Filed by Verizon Communications Inc.
Pursuant to Rule 425 under the Securities Act of 1933
and deemed filed pursuant to Rule 14a-12
under the Securities Exchange Act of 1934
Subject Company: MCI, Inc.
Commission File No.: 001-10415
Qwest Piece Ignores the Facts
In his column in Mondays Wall Street Journal, Qwests CEO starts with a bad definition of todays enterprise market for communications and ends with a misplaced moan that combining Verizon and MCI creates dangerous concentration and eliminates competition. It does not.
Data on the enterprise Long-Distance Voice and Data market from market analysis firm Sanford Bernstein (see chart) indicate AT&T has a 48% share; MCI has 31%; Qwest has 3%, and SBC, Verizon and Bell South combined have just 3%. Clearly, a combined Verizon and MCI would have less than 33%, resulting in no significant additional concentration. |
But the enterprise market needs to be measured by who is in the market selling services to large business customers, not by old regulatory pigeonholes. A Lehman Brothers analysis, using a definition that actually captures the current marketplace by reflecting competitors like Cisco, IBM, EDS and others, shows AT&T with 27.5%, MCI with 14.8%, Qwest with 4.4%, and Verizon lumped in with the highly fragmented rest. In the real world, an MCI/Verizon combination scarcely moves the market share needle.
Using either measure, combining MCI with Qwest results in greater market share than Verizon with MCI.
Of greater concern are the consequences for critical backbone assets if Qwest acquires MCI. Qwest has its own backbone network that today competes with MCI and AT&T.
In a presentation to Wall Street this week, Qwest stated that it will achieve cost synergies by rationalizing duplicative network assets.
A Bernstein analysis on February 24, 2005 describes the rationalization this way: We assume Qwest could effectively integrate MCI by migrating much of MCIs traffic onto the Qwest backbone and retiring the idled MCI network assets.
Simplified, it appears that Qwest would acquire MCIs backbone, move that traffic to its own network, and then shutdown the competing MCI backbone.
Verizon has no comparable backbone and will instead continue to invest in the MCI backbone and maintain its strong presence.
A Qwest MCI deal could eliminate directly competitive MCI backbone assets. If there is any dangerous concentration here, it is that.
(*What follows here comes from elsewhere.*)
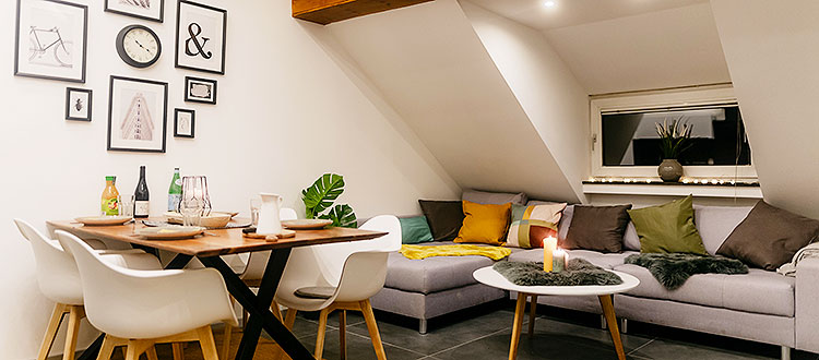 The flat is located in the Metzerstraße in Saarlouis near the motorway exit called Saarlouis Mitte. The rental is an attic flat and is situated in a building owned by Pavan rent, with two flats in total.

Verizon Communications Inc. (Verizon) intends to file a registration statement, including a proxy statement of MCI, Inc. (MCI), and other materials with the Securities and Exchange Commission (SEC) in connection with the proposed transaction. We urge investors to read these documents when they become available because they will contain important information. Investors will be able to obtain free copies of the registration statement and proxy statement, as well as other filed documents containing information about Verizon and MCI, at www.sec.gov, the SECs website. Investors may also obtain free copies of these documents at www.verizon.com/investor, or by request to Verizon Communications Inc., Investor Relations, 1095 Avenue of the Americas, 36th Floor, New York, NY 10036. Free copies of MCIs filings are available at www.mci.com/about/investor_relations, or by request to MCI, Inc., Investor Relations, 22001 Loudoun County Parkway, Ashburn, VA 20147.
Verizon, MCI, and their respective directors, executive officers, and other employees may be deemed to be participants in the solicitation of proxies from MCI shareholders with respect to the proposed transaction. Information about Verizons directors and executive officers is available in Verizons proxy statement for its 2004 annual meeting of shareholders, dated March 15, 2004. Information about MCIs directors and executive officers is available in MCIs annual report on Form 10-K for the year ended December 31, 2003. Additional information about the interests of potential participants will be included in the registration statement and proxy statement and other materials filed with the SEC.
NOTE: This document contains statements about expected future events and financial results that are forward-looking and subject to risks and uncertainties. For those statements, we claim the protection of the safe harbor for forward-looking statements contained in the Private Securities Litigation Reform Act of 1995. The following important factors could affect future results and could cause those results to differ materially from those expressed in the forward-looking statements: a significant change in the timing of, or the imposition of any government conditions to, the closing of the transaction; actual and contingent liabilities; and the extent and timing of our ability to obtain revenue enhancements and cost savings following the transaction. Additional factors that may affect the future results of Verizon and MCI are set forth in their respective filings with the Securities and Exchange Commission, which are available at www.verizon.com/investor and www.mci.com/about/investor_relations/sec/.